Banister Samuel D, Manoli Miral, Kassiou Michael
Brain and Mind Research Institute, The University of Sydney, NSW, 2050, Australia; School of Chemistry, The University of Sydney, NSW, 2006, Australia.
J Labelled Comp Radiopharm. 2013 Mar-Apr;56(3-4):215-24. doi: 10.1002/jlcr.3010.

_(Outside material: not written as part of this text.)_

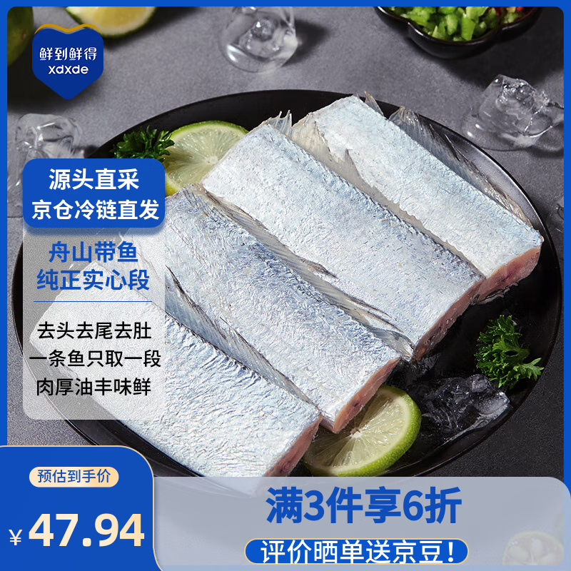 鲜到鲜得 舟山带鱼实心段1400g 精选纯中段 海鱼 生鲜 海鲜水产

Sigma (σ) receptors are unique mammalian proteins, distributed in the central nervous system and elsewhere, which are increasingly implicated in the pathophysiology of virtually all major central nervous system disorders. The heterogeneous but wide distribution of σ1 in the brain has prompted the development of selective radiotracers for imaging these sites using positron emission tomography (PET). To date, some 50 carbon-11-labelled and fluorine-18-labelled candidate PET radioligands targeting σ receptors have been reported. The historical development of selective σ1 receptor ligands as potential PET imaging agents, as well as the radiochemistry and application of the most recently developed examples, is described herein.
西格玛(σ)受体是独特的哺乳动物蛋白,分布于中枢神经系统及其他部位,几乎与所有主要中枢神经系统疾病的病理生理学都日益相关。σ1在大脑中分布不均但范围广泛,这促使人们开发出选择性放射性示踪剂,用于通过正电子发射断层扫描(PET)对这些部位进行成像。迄今为止,已报道了约50种针对σ受体的碳-11标记和氟-18标记的候选PET放射性配体。本文描述了选择性σ1受体配体作为潜在PET成像剂的历史发展,以及最新开发实例的放射化学和应用。